Sombrero Reef, Phil's 1stPix/Flickr

Biodiversity is key to sustaining fish as a food source in a warming and more variable climate, concludes a recent paper in the Proceedings of the National Academy of Sciences (PNAS).

Scientists analyzed 25 environmental drivers of fish production using data from 4,556 reef fish surveys. The results were significant: diversity of fish species and traits were consistently strong predictors of their community biomass, second only to sea-surface temperature.

“Biodiversity is equally and often more important than water quality, nutrient supply, and human influence in controlling the global distribution of reef biomass,” write the authors.

Diverse fish populations also appeared more resilient to the impacts of climate change. On average, wider temperature ranges in a region reduced fish biomass.
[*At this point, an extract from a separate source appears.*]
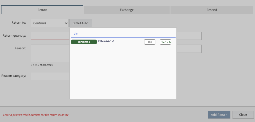 Po “Action” mygtuko paspaudimo likutis bus grąžintas į pardavimą, į nurodytą sandėliavimo vietą (Binrack’ą)

But this effect was 50 percent less in the most diverse communities, perhaps because species-rich areas contain fishes with a range of thermal niches.

Diverse communities also faired better in warmer temperatures. While biomass in low-richness communities declined at the highest temperatures (greater than 20° Celsius), it remained stable in high-richness communities.
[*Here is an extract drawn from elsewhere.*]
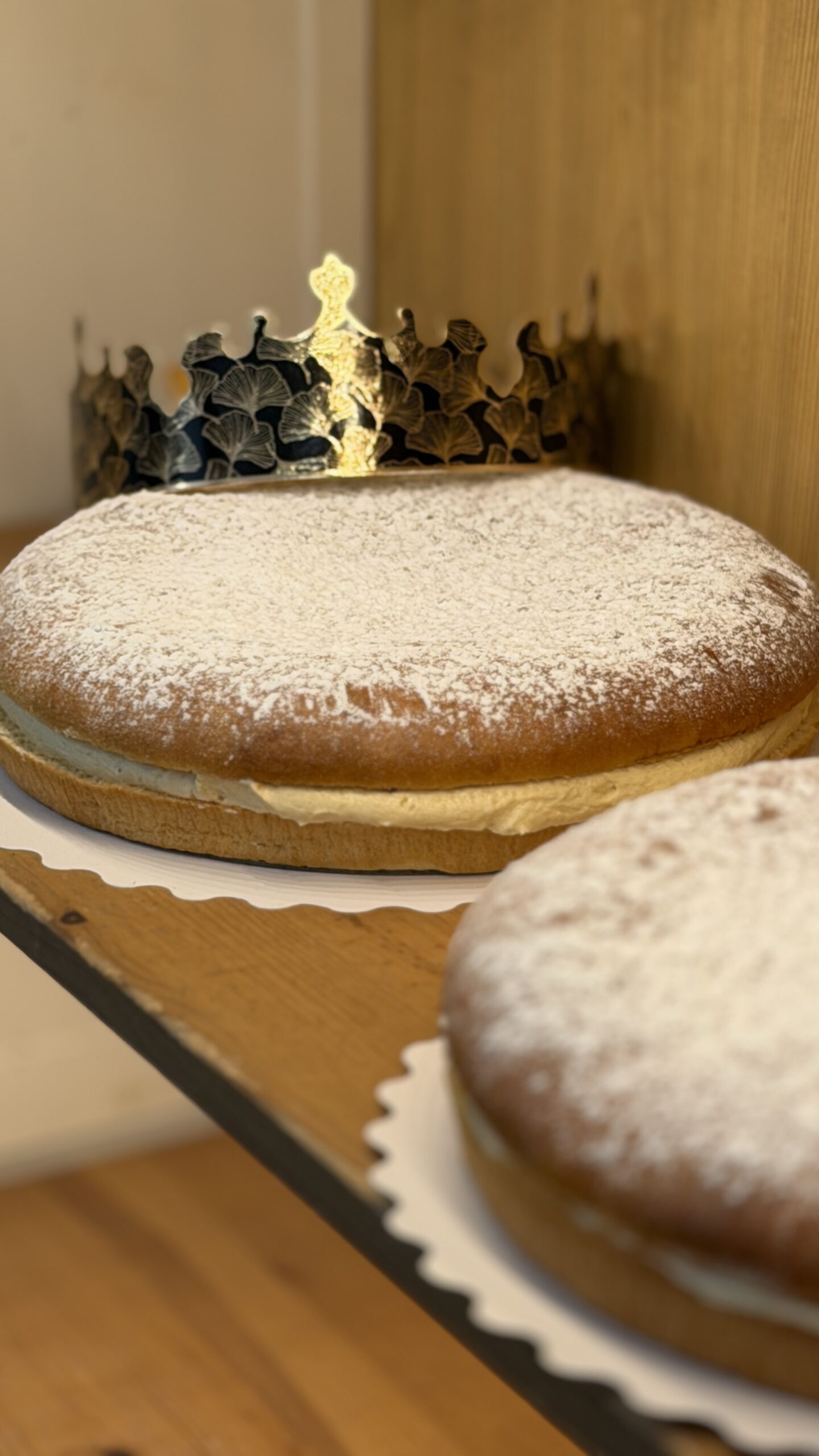 Oubliez la galette feuilletée que l’on trouve partout : ici, on parle d’une galette briochée, tendre et moelleuse, plus proche d’une tarte tropézienne que d’une galette classique.

This suggests biodiverse communities are both more productive and resilient to rising temperatures and temperature swings.

Confirming previous results

The study represents the most comprehensive test of diversity effects on biomass in natural ecosystems in the wild, according to its authors, and validates similar results found in controlled experimental settings.
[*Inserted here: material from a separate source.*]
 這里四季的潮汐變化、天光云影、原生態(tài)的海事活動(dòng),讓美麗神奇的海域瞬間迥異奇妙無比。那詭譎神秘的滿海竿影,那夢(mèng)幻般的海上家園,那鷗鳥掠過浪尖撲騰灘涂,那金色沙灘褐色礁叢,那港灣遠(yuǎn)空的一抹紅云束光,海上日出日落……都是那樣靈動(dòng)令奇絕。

“This work is a critical step forward in linking insights from experiments in buckets and garden plots to the larger world,” said co-author Jonathan Lefcheck of the Virginia Institute of Marine Science. “It shows that experimental ecologists have in fact been on the right track for 20 years, and that biodiversity is paramount to how natural systems work.”

Biodiversity supports human needs

Fish biomass production provides an unusually direct link from biodiversity to human needs. Over a billion people rely on fish for protein, particularly in the less-developed tropical regions included in the study. Indeed, fish biomass is a key part of the ocean’s economic assets, recently valued by WWF at $24 trillion.

The good news is that high biodiversity in tropical areas will likely buffer the worst warming impacts on fish communities. But probably not forever. Many tropical species are already near their upper thermal tolerance limits.

Management to sustain reef fish biodiversity is likely an influential lever in maintaining these economic assets.

“Biodiversity is more than a pretty face,” said lead author J. Emmett Duffy, of the Smithsonian Environmental Research Center. “Preserving biodiversity is not just an aesthetic or spiritual issue—it’s critical to the healthy functioning of ecosystems and the important services they provide to humans, like seafood.”